第四章 -11-
堅魚は出雲を離れたくなかった。
ここには既に堅魚の家庭がある。
麻奈古がいて、もうすぐ子供まで生まれるのだ。
夫としても父親としても、彼らをここへ置き去りにすることなどできない。
しかし、都へ戻れという国盛の命令も、また無視できないものだった。
国盛は物事を自分の思い通りに運ばねば気のすまない女だ。そのためには手段を選ばない。
その点、最も父の血を濃く受け継いだ子であるとも言えよう。
誰かに対して、何か恨みに思ったり怒りを感じたりしていれば、国盛は決してそれをそのままにしておいたりはしない。
どんな手を使ってでも恨みを報じ、相手に自分の怒りを思い知らせる。
国盛がそういう類いの女であるということは、宮中でも周知の噂となっているくらいだった。
それに、こちらにも何か禍があるかもしれないと、先ほど古麻呂が口を滑らせていたではないか。
おそらく、古麻呂は他にも何か言いつかっているに違いない。
例えば、堅魚が都へ戻ることを拒否したら、大切にしている人間を人質に取ってでも、堅魚に言うことを聞かせろなどと。
もし万が一、麻奈古が傷つけられるようなことにでもなったら。
腹に子がいるのだ。いくら武術に長けた麻奈古であっても、今はほんの少しの無理が身体に障るかもしれない。
子供のことを考えれば、麻奈古には誰にも指一本触れさせたくはなかった。
それに、堅魚は諸魚のことを考えていた。
不遇の生涯を送り、たった一人でこの世を去った弟。
その最期だけでもせめて看取ってやることが、兄である堅魚の最低限の役目であったはずなのに。
諸魚のことを忘れていたわけではない。
だが、いつの間にか麻奈古の方が大事になってしまっていたことも、また堅魚にとっての正直な真実だった。

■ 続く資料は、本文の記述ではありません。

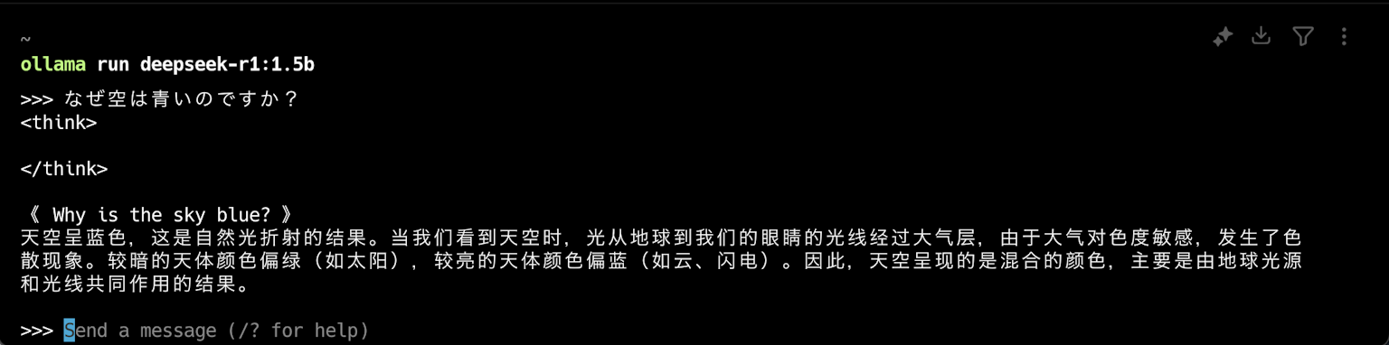 * deepseek r1 の軽量モデルは日本語に弱い(中国語と英語を学習に使用する)モデルであるため、

だから、堅魚はそのまま諸魚を都に置いておくことができたのである。
だが、そのせいで、諸魚が死んだのだとすれば。
堅魚は諸魚に対する申しわけない気持ちで一杯だった。
せめて、その葬式を堅魚自身の手で出してやることが、諸魚への精一杯の供養になるのではないか。

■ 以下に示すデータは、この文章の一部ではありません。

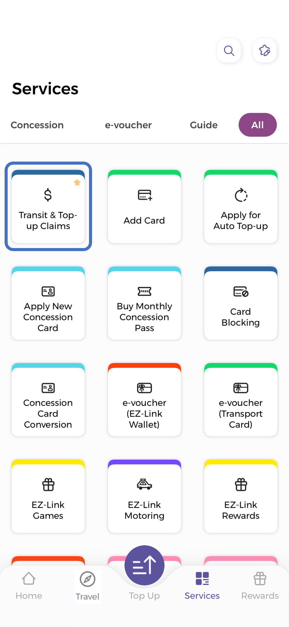 Step 2: Tap "Transit & Top-up Claims" (under "Card Services")

このこと一つ取っただけでも、堅魚は都へ戻らねばなるまい。
やはり、堅魚が大人しく国盛の命に従うほかないのか。
だが、一度でも都へ戻ったなら、果たしてまた出雲へ帰って来られるものか。
今まで何の連絡もして来なかった国盛が、急に帰れと命令を出したのだ。
あの女は無駄なことはしない。きっと、何か理由があるのだ。
国盛の性格を考えれば、堅魚とて生きて戻れる保証はなかった。
ましてや、諸魚の死にすら疑いがあるとするならば……。
ああ、やはり出雲を離れられない。
麻奈古の胸に顔を埋めながら、堅魚は同じことを繰り返し繰り返し考えていた。
だが、何度考えても、堂々巡りして結論が出ない。
麻奈古の肌を柔らかく、その温もりを愛しく感じれば感じるほど、堅魚の頭は乱れて収集がつかなくなる。
そして、苦悩のあまり、いつの間にか麻奈古との刹那の悦びに逃げてしまっている自分を感じるのであった。
夜が白々と開け始める頃まで、堅魚は麻奈古を離さなかった。
大事な宝物を取り上げられようとする子供が、必死にそれへしがみつくかのように。